All this bill will do is effectively gift around $163 million to the commercial broadcasters without requiring anything in return. I must say, I would not want the government negotiating on my behalf, if this is the kind of deal they stump up. There must at least be consideration given to the view that out of $163.6 million some, or at least a substantial portion, of it could be reinvested in some way to create locally produced drama and children's television, in particular. We know that is where there is a need. We also know that we need increased audio description services for the visually impaired. It is also a complete mystery to me as to why a portion of this money could not go towards the maintenance of the immensely valuable community broadcasting sector. We know they need help and they need support. To that end, the Greens will be moving our own amendment. I foreshadow that now. It has been circulated in the chamber.

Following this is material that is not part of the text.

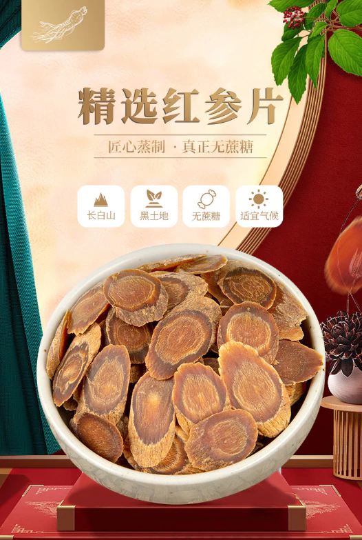 长白山红参片正宗不加糖参类批发 古法蒸制整枝 多规格红参切片 数量

What this bill appears to be is a bandaid response to some aggressive lobbying by the commercial broadcasters. I am sorry to say it is not good policy, at least at this time and at least while it is separated from any broader industry considerations. We would be more than happy to consider these broader issues with the discussion of a review of content and the desire for more locally produced content. We urge the government: do not hand over your bargaining chips for free. I move:

At the end of the motion, add:

", but the Senate notes the savings for the commercial free-to-air television broadcasters resulting from the reduced licence fees and is of the opinion that those savings should be reinvested into Australian produced drama and children's television and increased audio description services for the visually impaired, including trial programs by each channel.".